Renoprotection with Semaglutide and Liraglutide: Direct or Indirect Effects?

Session Information

Category: Diabetic Kidney Disease

  • 602 Diabetic Kidney Disease: Clinical


  • Mann, Johannes F., Friedrich Alexander University of Erlangen, Erlangen, Germany
  • Buse, John, University of North Carolina School of Medicine, Chapel Hill, North Carolina, United States
  • Idorn, Thomas, Novo Nordisk A/S, Søborg, Denmark
  • Leiter, Lawrence A., St. Michael’s Hospital, University of Toronto, Toronto, Ontario, Canada
  • Pratley, Richard E., AdventHealth Translational Research Institute for Metabolism and Diabetes, Orlando, Florida, United States
  • Rasmussen, Soren, Novo Nordisk A/S, Søborg, Denmark
  • Vilsbøll, Tina, Steno Diabetes Center Copenhagen, Gentofte; University of Copenhagen, Hellerup, Hellerup, Denmark
  • Wolthers, Benjamin, Novo Nordisk A/S, Søborg, Denmark
  • Perkovic, Vlado, The George Institute, UNSW, Sydney, New South Wales, Australia

The SUSTAIN 6 and LEADER cardiovascular (CV) outcome trials indicated that the glucagon-like peptide-1 analogues semaglutide and liraglutide may provide renal as well as CV benefits. This post-hoc analysis investigated the degree to which the observed renoprotective effects could be mediated by glycated hemoglobin (A1C), systolic blood pressure (SBP) and body weight (BW).
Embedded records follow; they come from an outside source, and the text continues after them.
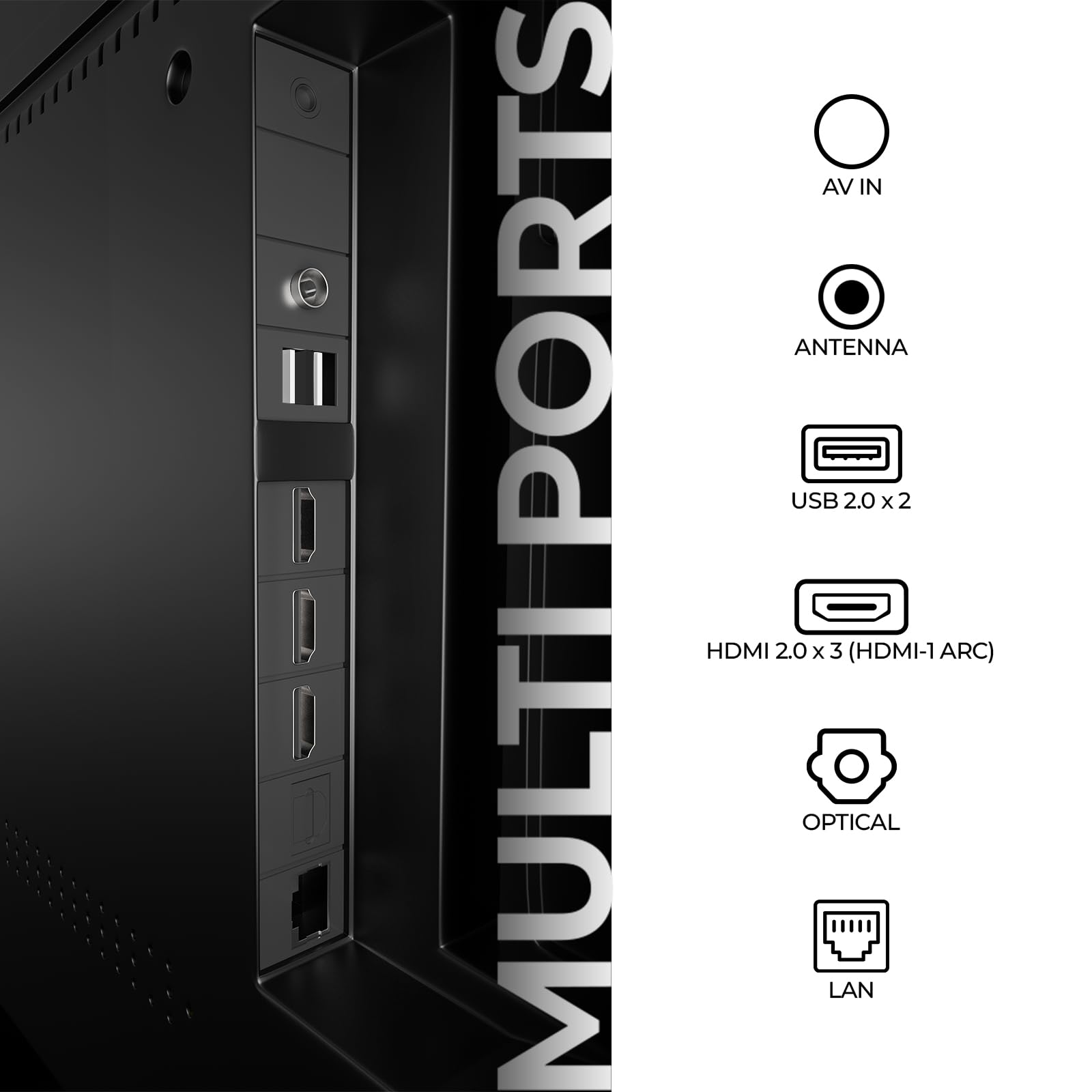- Connectivity: Dual band Wifi | Bluetooth v5.0 | HDMI ports 2.0 x 3 to connect personal computer, laptop, set top box, gaming console | USB ports 2.0 x 2, to connect hard drives or other USB device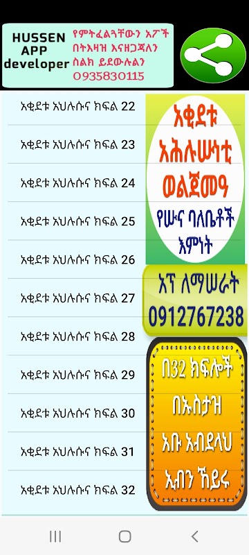 - Deze app is op zo'n mooie manier ontworpen door Dr. Hussain Umar, we bereiden ook koranlessen, Hadith-lessen en tafsir-applicaties op bestelling voor. U kunt ons bereiken op dit telefoonnummer 251912767238.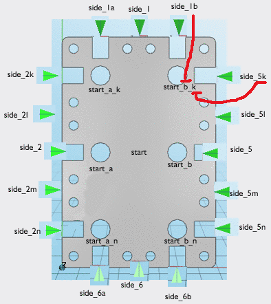 The connection point in the center of the section is called start, the others are listed as start_a, start_b etc.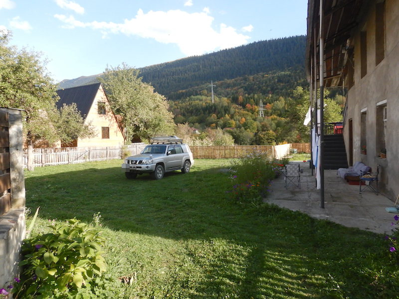 車は建物前の庭に入れるようにと言われました。これはありがたい駐車場です。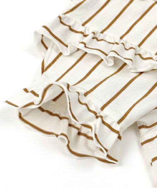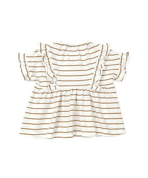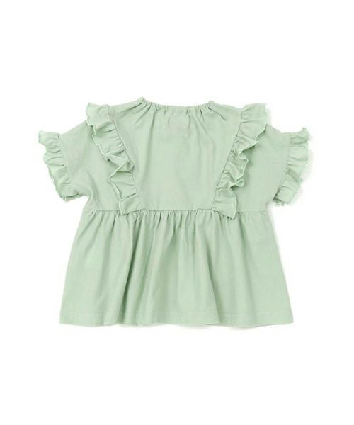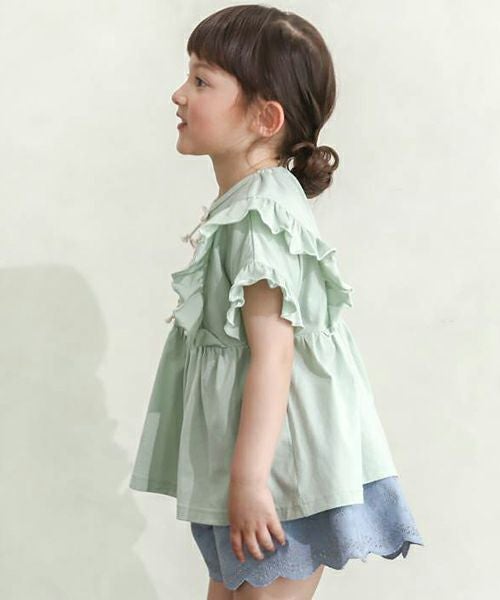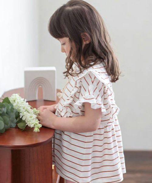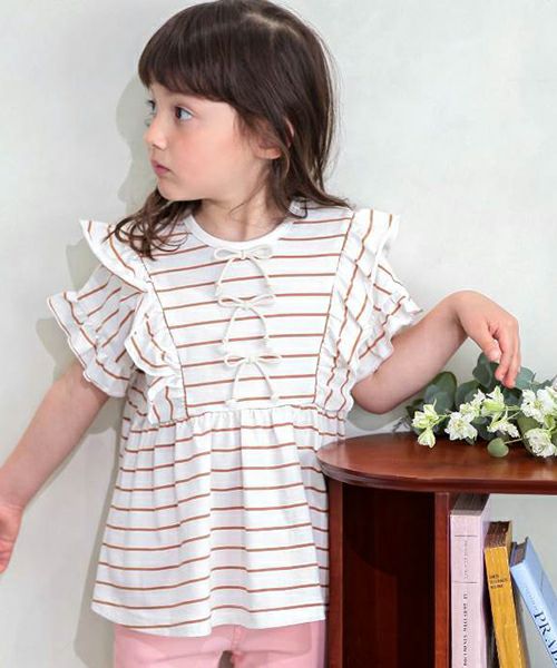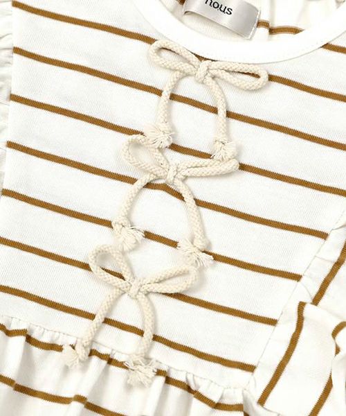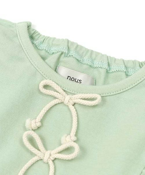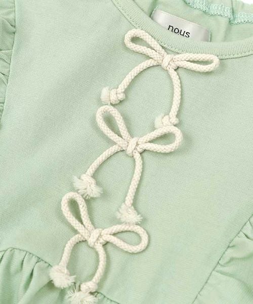 きれいめな目が詰まった素材の生地を使用し、ほどよいボリューム感のフリルとコード素材のリボンがおしゃれなTシャツです。

SUSTAIN 6 (N=3297, NCT01720446) and LEADER (N=9340, NCT01179048) assessed CV, renal and safety outcomes for semaglutide and liraglutide versus placebo in patients with type 2 diabetes and high CV risk. A prespecified secondary outcome in these trials was a renal composite of new onset persistent macroalbuminuria, persistent doubling of serum creatinine, need for continuous renal-replacement therapy or death due to renal disease. We performed counterfactual mediation analyses of A1C, SBP and BW using absolute values at each trial visit. The direct contribution of semaglutide/liraglutide to time to first renal event was estimated assuming that the mediator values changed to those observed in the placebo group (from baseline to 2 and 3 years in SUSTAIN 6 and LEADER, respectively). In the adjusted model for A1C, both SBP alone and in combination with BW were included as confounders. Due to the limited number of events in SUSTAIN 6, 95% confidence intervals (CIs) could not be calculated.
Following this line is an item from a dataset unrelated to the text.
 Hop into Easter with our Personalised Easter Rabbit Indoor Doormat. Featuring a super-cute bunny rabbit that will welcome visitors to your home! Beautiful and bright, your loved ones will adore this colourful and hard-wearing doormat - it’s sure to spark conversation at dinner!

In SUSTAIN 6 and LEADER, the rate of a renal event was reduced by 36% (95% CI 12%;54%; P=0.005) and 22% (95% CI 8%;33%; P=0.003) in the semaglutide and liraglutide groups, respectively, versus placebo. A1C was estimated to mediate 26% and 25% (95% CI -7.1;67.3) of the benefits of semaglutide and liraglutide, respectively, whereas the contributions of SBP (22% and 9% [95% CI 2.8;22.7]) and BW (-8% and 9% [95% CI -7.9;35.5]) were smaller. In adjusted analyses, the contribution of A1C increased to 36% (SBP as confounder) and 30% (95% CI -4.5;81.1; SBP and BW as confounders) in the semaglutide and liraglutide groups, respectively.


The renal benefits of semaglutide and liraglutide appear mediated to a modest extent by changes in A1C, SBP and BW, and are therefore likely to be also driven by other, potentially direct, mechanisms.